Entangled States of Light and Atoms for Measurements Below the Standard Quantum Limit

Quantum mechanics tells us that both matter and light can exhibit wave-like or particle-like behavior. Devices that use the interference of waves--the fact that waves can cancel each other out or enhance each other--enable highly sensitive measurements of almost anything: time, gravity, motion, or electric and magnetic fields. In particular, atomic clocks, that are based on wave interference, are the most accurate devices ever made by mankind, and have many important technological applications. Clocks and other interferometers operate by measuring many independent atoms in parallel to enhance the signal. The device readout is then subject to measurement noise (projection noise), not unlike the flipping of a collection of coins where the outcome is not always an equal number of heads and tails. Here it is proposed to develop methods to produce correlated states of many atoms (so-called entangled states) that can be used to reduce or eliminate the projection noise. Quantum mechanics allows one to prepare a situation where each coin individually still randomly shows head or tail, but the collection of coins always shows an equal number of heads and tails.
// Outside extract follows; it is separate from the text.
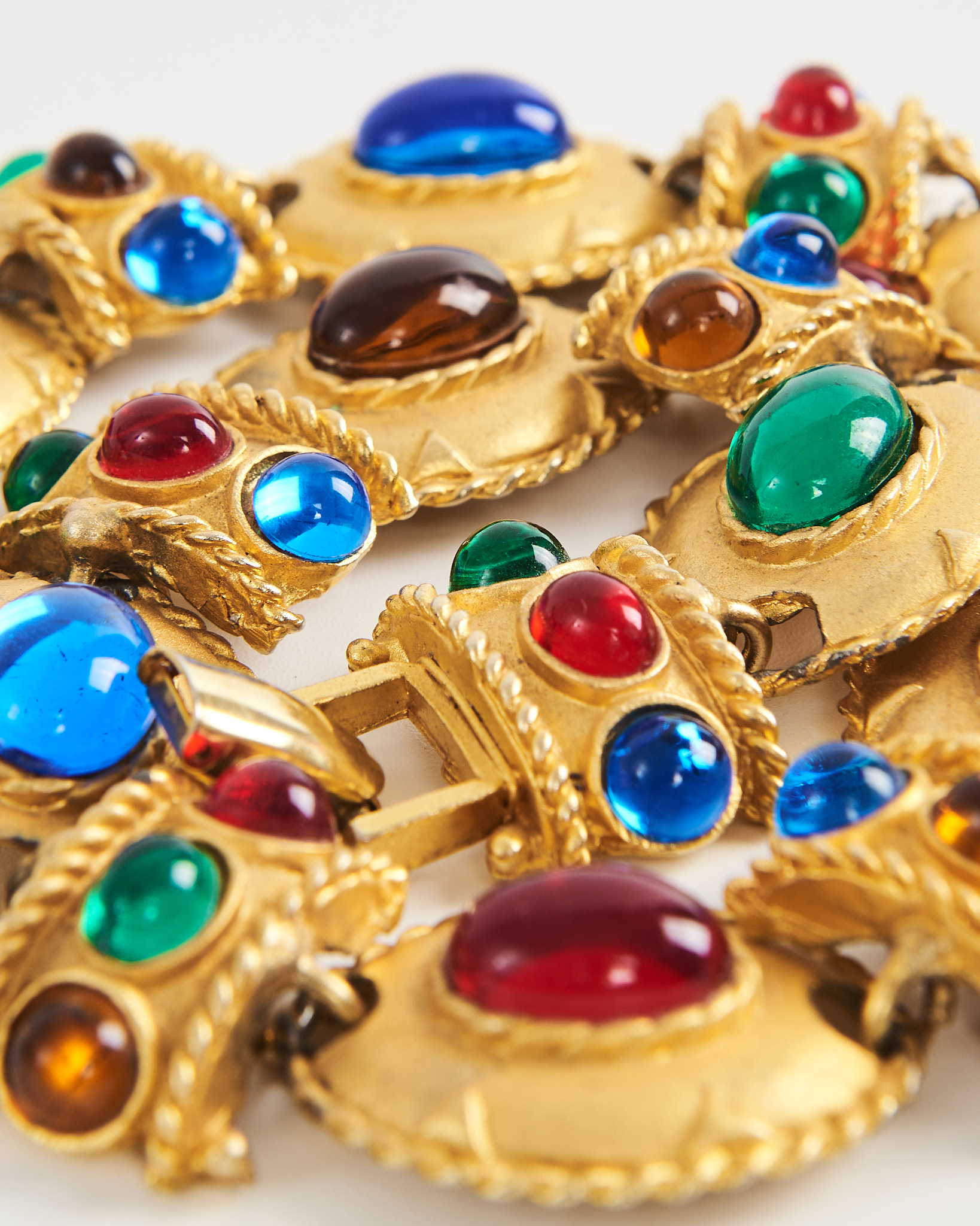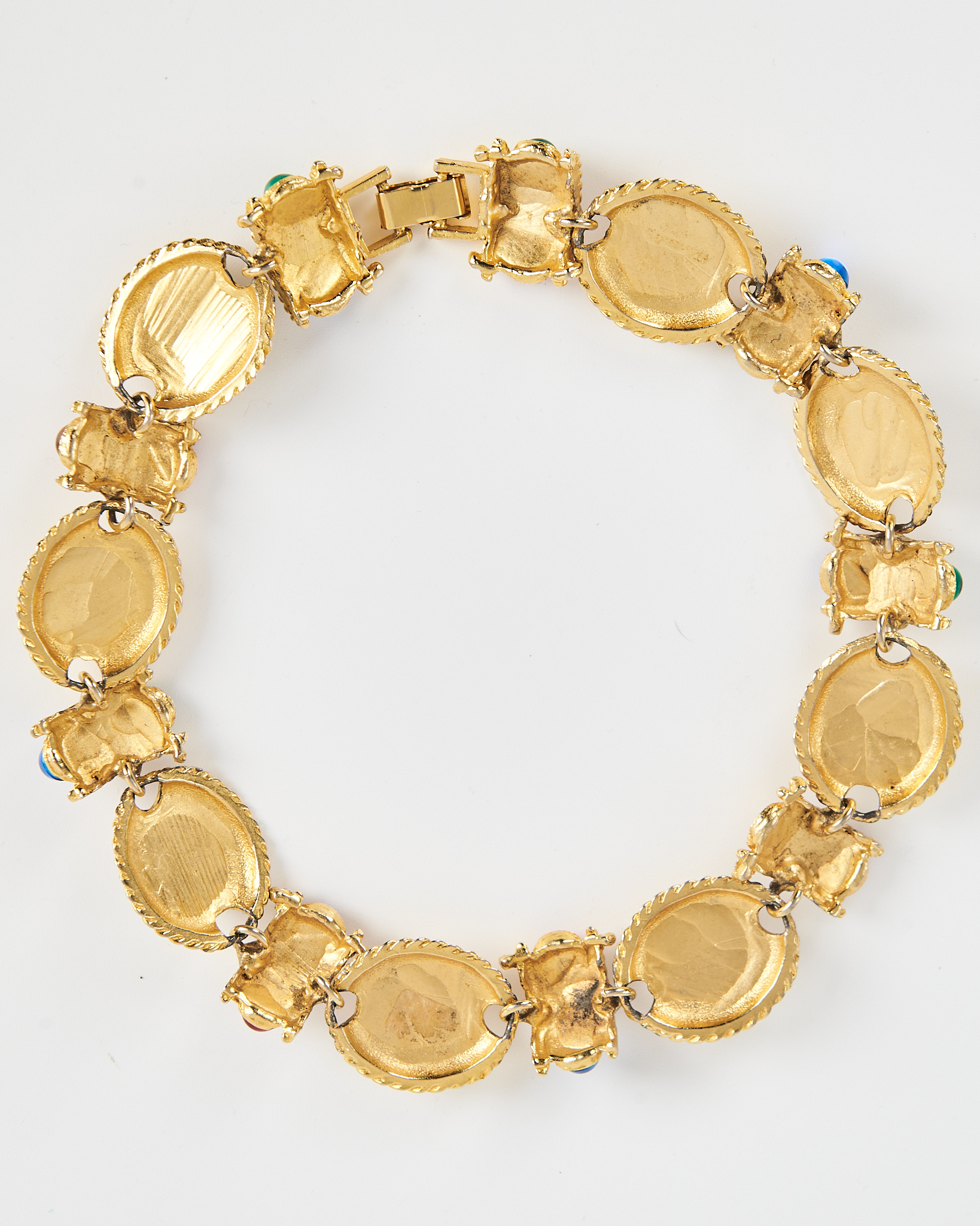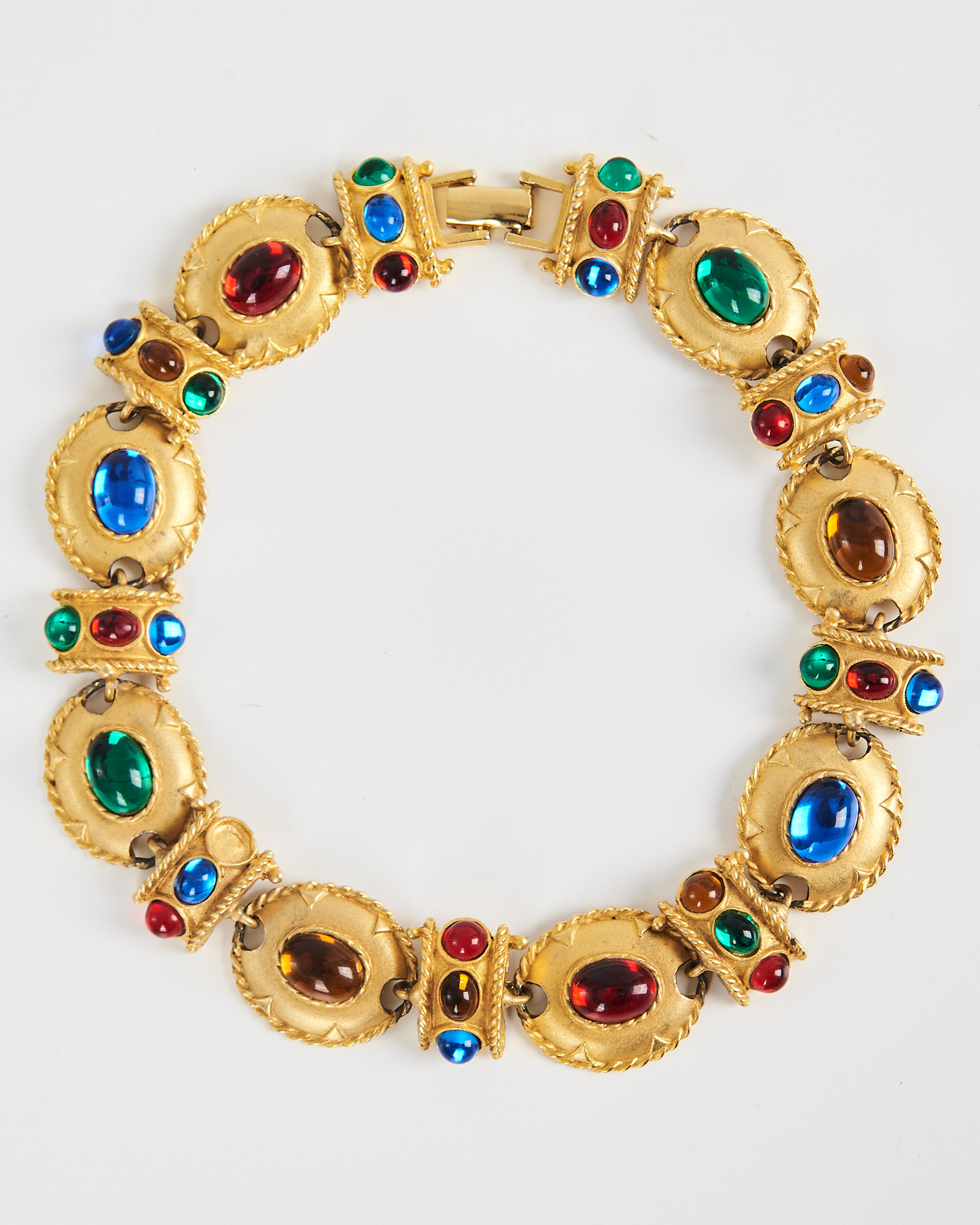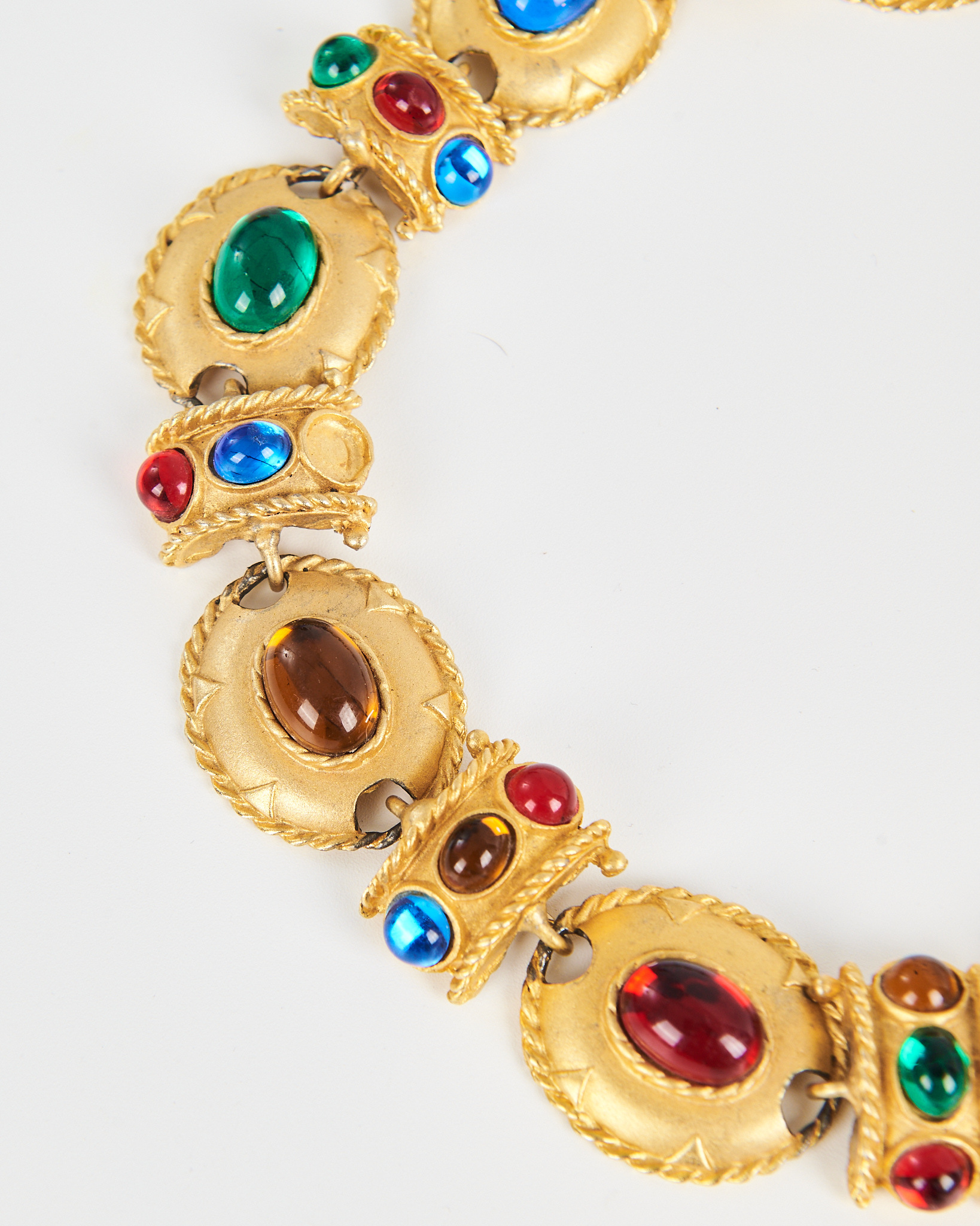 Колье с цветными вставками с золотистым покрытием и крупными цветными вставками. Посадка плотная, звенья гибко соединены, колье аккуратно повторяет линию шеи.

By demonstrating the generation of such states, the proposed research program could boost the precision of atomic clocks and other interferometers, with significant implications for timekeeping, navigation, and precision measurements. The proposed work will unite research and educational goals by training graduate students, and by integrating undergraduate students and exceptional high-school students into the research effort.

This project is aimed at the deterministic preparation of non-classical (many-body entangled) states of atomic ensembles and of light fields using collective atom-light interaction enhanced by an optical resonator. Such states can be used to improve the precision of atomic clocks and other atom interferometers beyond the standard quantum limit. The main goals of the project are to demonstrate a non-destructive measurement of the power of a traveling laser beam below the photon shot noise limit, to create Schroedinger cat states or strongly spin squeezed states of a large atomic ensemble via the detection of a single photon, and to use such states to operate an atomic clock below the standard quantum.